Sunday, September 30, 2012

The Click Beetle that Almost Broke Me

          Throughout my limited time studying and collecting beetles, I have encountered a number of species that would excite field entomologists. From Omus tiger beetles, to ant-eating scarabs, to giant Cerambycids and even rare families that are highly specific in their distributions and habitats. But I think the most memorial experience of all took place in the Mojave Desert of southwest Utah.

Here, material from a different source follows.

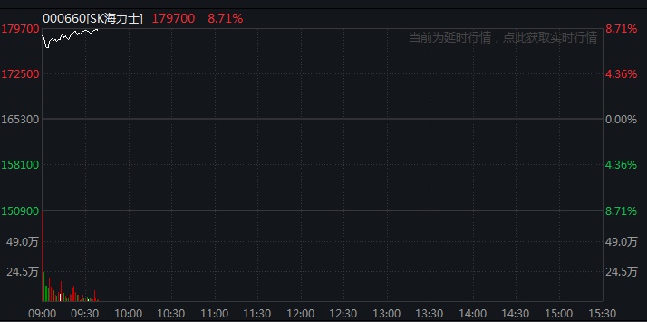 消息公佈後,SK 海力士股價持續上漲,截至發稿大漲超 8%。

I was on a collecting trip around the southwest states with Dr. Shawn Clark, when we pulled over at a place Called "Leeds Creek" in Washington County. We pulled our beating sheets and nets out of the back of  the rental truck and started to wander around the area sampling every kind of plant we saw. I started examining Cacti for Moneilema gigas, but had no luck. As I was walking back to the truck with a vial full of Weevils and Leaf Beetles, I saw a large, black insect flying flying my direction in the corner of my eye. I quickly tried to turn my net around in my hand, (it was in a brush beating position), but swung short by a few inches. As I was running right behind the thing, I noticed it was a Beetle. Eventually it landed on the base of a tree branch, only problem was that this "branch" was fifteen feet off the ground. It was a Click Beetle. I can remember very vividly cranking my neck, looking up at it stunned by it's magnificence.

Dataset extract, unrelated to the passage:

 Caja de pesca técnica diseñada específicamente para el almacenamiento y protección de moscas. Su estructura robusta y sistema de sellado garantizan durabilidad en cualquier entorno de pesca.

My mind was scrambling. Should I throw a stick at it and knock it to the ground? No, it would just fly away. Should I wait until it moves further down the tree, then collect it? No... It's going to take off soon if I don't come up with a master plan. "Shawn! I need your help!" He soon came over and was also in aw as I pointed to what my life currently revolved around. He got in the truck, and slowly drove underneath the branch where the monster was perched while I stood on the roof. I am a tall guy, over 6'5" but have an even longer wing span, about 6'6.5". I reached as high as I could with one arm toward the Clicker, slid the rim of the net underneath it's abdomen, pulled down and swung sideways. Pure extacy. It was mine.

Chalcolepidius apacheanus Casey
35 mm

As seen above, it's a pretty beetle. Catching it made for a great day and ultimately made the whole trip. I saw a couple others out, but they were so far that I couldn't chase them down. I've had a few Beetles at my finger tips before, that miraculously have escaped my forceps of doom. Nicrophorus nigrita comes readily to mind.

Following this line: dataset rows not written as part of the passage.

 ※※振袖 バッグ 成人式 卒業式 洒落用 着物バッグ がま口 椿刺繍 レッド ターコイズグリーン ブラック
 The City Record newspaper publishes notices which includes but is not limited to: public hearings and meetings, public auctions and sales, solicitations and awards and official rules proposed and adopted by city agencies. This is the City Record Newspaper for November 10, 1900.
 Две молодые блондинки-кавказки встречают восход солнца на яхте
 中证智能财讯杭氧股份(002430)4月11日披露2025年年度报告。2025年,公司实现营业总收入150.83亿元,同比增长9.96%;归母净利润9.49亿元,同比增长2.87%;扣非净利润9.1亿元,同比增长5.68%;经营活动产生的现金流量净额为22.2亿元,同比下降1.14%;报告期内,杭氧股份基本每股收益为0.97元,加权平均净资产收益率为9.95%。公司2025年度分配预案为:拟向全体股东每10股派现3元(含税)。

Utah has a great mixture of Beetles, let's be clear, but it's not exactly a paradise for collectors, typically speaking. Why? First of all there's not much moisture during the summer months. While Arizona is incredibly dry, it has a lower latitude and the monsoon season to really pull the life out of nook's and cranny's. Utah is just a little on the dry side, and when it's not, it has a layer of snow blanketing everything. I find it amazing how Beetle's can adapt.